A More Full-Featured Emacs company-mode Backend

Austin Bingham from Good With Computers

In the first article in this series we looked at how to define the simplest company-mode backend. [1] This backend drew completion candidates from a predefined list of options, and allowed you to do completion in buffers in fundamental mode. The main purpose of that article was to introduce the essential plumbing of a company-mode backend.

In this article we'll expand upon the work of the first, adding some useful UI elements like annotations and metadata. We'll also implement a rough form of fuzzy matching, wherein candidates will be presented to the user when they mostly match the prefix. After this article you'll know almost everything you need to know about writing company-mode backends, and you'll be in a great position to learn the rest on your own.

Most of what we'll be doing in the article revolves around handling completion candidate "metadata", data associated in some way with our completion candidates. In practice this kind of data covers things like documentation strings, function signatures, symbols types, and so forth, but for our purposes we'll simply associate some biographical data with the names in our completion set sample-completions.

company-mode provides affordances for displaying metadata as part of the completion process. For example, if your backend is showing completions for function names, you could display the currently-selected function's signature in the echo area. We'll develop a backend that displays a sentence about the selected candidate in the echo area, and we'll also display their initials as an annotation in the candidate selection popup menu.

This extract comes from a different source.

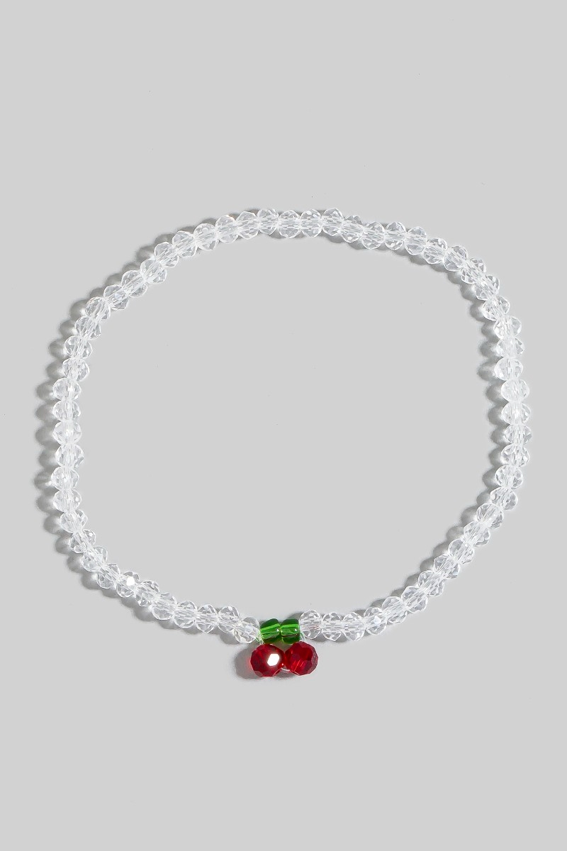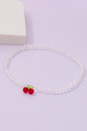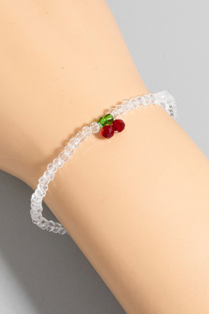 - This bracelet showcases a timeless glass beaded cherry style. Revel in the intricate design that effortlessly distinguishes this bracelet, making it a statement piece.

Adding more data to our completion candidates

First we need to add some metadata to our existing completion candidates. To do this we'll use Emacs text properties. ((Text properties allow you to associate arbitrary data with strings. You can read about them here. Specifically, we use the special read syntax for text properties.)) For each completion candidate we define an :initials property containing their initials and a :summary property containing a one-sentence summary of the candidate. [2] To add these properties, update sample-completions to look like this:

(defconst sample-completions
  '(#("alan" 0 1
      (:initials
      "AMT"
      :summary
      (concat "Alan Mathison Turing, OBE, FRS (/ˈtjʊərɪŋ/ "
              "tewr-ing; 23 June 1912 – 7 June 1954) was a "
              "British mathematician, logician, cryptanalyst, "
              "philosopher, pioneering computer scientist, "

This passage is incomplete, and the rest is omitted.